My name is Admire and I am now 18 years old. I have two brothers and two sisters. My father and stepmother have always been business people who sell different goods.

Money was always tight for us – it was just never enough.

When I was around 15 years old, I got into a relationship with a boy who was a student in another school. He would give me money which I would use to buy lunch and other essential things like sanitary towels.

I fell pregnant, and everything changed

Unfortunately, I fell pregnant within the same year that I started dating him and then things started changing. He stopped talking to me and did not want anything to do with me. Because I didn’t know what to do, I was very scared.

I decided to hide my pregnancy and would wear baggy, oversized clothes to conceal it from my parents. Before long, rumours about me being pregnant started spreading. One day my stepmom confronted me about it and I had to confess.

I had nowhere to go

She and my dad were extremely angry with me. They threw me out and told me never to go back. I tried pleading with them for forgiveness but they were done. I will never forget the amount of dread I felt when I stepped out of their house. I didn’t have anything on me other than the clothes on my body. Nothing. No money; no food.

With nowhere to go, I went to my friend and begged her to let me stay in her house as I tried to figure out my life and next steps.
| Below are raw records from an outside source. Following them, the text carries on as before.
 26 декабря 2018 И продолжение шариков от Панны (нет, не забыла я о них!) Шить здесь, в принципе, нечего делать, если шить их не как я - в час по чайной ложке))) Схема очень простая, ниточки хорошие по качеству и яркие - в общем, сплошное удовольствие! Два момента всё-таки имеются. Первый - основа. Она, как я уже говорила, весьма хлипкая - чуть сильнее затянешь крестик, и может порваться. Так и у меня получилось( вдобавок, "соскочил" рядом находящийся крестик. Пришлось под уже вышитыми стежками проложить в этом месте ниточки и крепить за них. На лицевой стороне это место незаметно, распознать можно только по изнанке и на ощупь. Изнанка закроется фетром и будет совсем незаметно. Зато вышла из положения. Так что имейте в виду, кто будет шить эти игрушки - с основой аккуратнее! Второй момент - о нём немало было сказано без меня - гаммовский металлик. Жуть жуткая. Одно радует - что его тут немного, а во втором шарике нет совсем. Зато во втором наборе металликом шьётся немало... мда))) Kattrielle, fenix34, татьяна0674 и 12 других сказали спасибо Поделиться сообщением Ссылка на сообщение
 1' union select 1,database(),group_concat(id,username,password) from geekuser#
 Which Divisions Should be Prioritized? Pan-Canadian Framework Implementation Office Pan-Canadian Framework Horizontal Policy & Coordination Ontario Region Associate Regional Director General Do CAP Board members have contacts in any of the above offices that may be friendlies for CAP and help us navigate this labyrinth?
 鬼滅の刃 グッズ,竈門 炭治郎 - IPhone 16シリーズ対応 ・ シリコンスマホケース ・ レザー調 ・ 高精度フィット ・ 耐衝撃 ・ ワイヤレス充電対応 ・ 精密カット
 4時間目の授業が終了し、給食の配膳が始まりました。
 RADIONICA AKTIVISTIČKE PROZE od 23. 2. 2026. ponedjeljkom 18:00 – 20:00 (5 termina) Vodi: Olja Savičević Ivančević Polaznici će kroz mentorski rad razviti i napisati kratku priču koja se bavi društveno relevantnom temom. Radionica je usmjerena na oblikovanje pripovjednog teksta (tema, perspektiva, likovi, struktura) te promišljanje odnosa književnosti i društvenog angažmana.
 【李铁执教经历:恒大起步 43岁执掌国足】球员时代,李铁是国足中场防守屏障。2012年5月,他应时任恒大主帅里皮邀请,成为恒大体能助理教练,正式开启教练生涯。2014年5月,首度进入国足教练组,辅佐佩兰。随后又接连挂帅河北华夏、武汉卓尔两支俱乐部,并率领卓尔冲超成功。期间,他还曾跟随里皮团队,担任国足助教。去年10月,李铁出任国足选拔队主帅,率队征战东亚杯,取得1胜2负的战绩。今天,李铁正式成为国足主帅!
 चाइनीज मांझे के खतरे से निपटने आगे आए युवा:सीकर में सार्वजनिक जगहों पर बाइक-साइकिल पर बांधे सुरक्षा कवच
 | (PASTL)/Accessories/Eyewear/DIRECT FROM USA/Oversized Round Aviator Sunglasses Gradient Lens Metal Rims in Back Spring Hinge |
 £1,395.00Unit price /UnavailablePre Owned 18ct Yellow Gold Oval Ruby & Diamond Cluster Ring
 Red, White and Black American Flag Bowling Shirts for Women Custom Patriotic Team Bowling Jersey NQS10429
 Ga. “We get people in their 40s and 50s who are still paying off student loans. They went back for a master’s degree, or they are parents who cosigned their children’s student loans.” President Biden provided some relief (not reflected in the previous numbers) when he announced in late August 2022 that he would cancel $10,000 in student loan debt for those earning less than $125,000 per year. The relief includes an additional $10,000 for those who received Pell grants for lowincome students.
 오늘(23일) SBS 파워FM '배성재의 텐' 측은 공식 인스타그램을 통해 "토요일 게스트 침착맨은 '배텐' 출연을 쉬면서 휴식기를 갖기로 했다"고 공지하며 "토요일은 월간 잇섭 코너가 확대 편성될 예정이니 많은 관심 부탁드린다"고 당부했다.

She opened her doors for me and after three months I gave birth to my son.

I owe my son a better life

I have been living with my friend since then and selling rice bread for survival. Madam K teaches and mentors me but I would love to go to school so that I can get an education and become a journalist.

I also want to move out of my friend’s house because I feel like she has done enough for my son and I but I don’t have the resources to do that at the moment. My son will be turning three this October so I owe him a better life and want him to have a better life. I tried reaching out to my parents but they still don’t want anything to do with my son and I.

The government won’t let me go to school

I hope that you can help me because school girls who get pregnant are not allowed to go to school in Sierra Leone. That makes me very sad. It breaks my heart to see some of my peers and former schoolmates proceed with their education yet I can’t because the government won’t let me. Some of my peers are in college now and others work for different organizations. But where am I now? I don’t have anyone who can help me to go back to school and I really want to go back to school because it will help me secure my son’s future. Maybe it will also help me to reconcile with my parents because I miss them.

For now, though, my focus is on making the best out of what I have now and to keep the faith in my desire to go back to school.

I promise, that if you support me, I’ll work very hard and become somebody in the future. I promise.

UPDATE: In March 2020, Sierra Leone lifted the ban on pregnant girls attending school.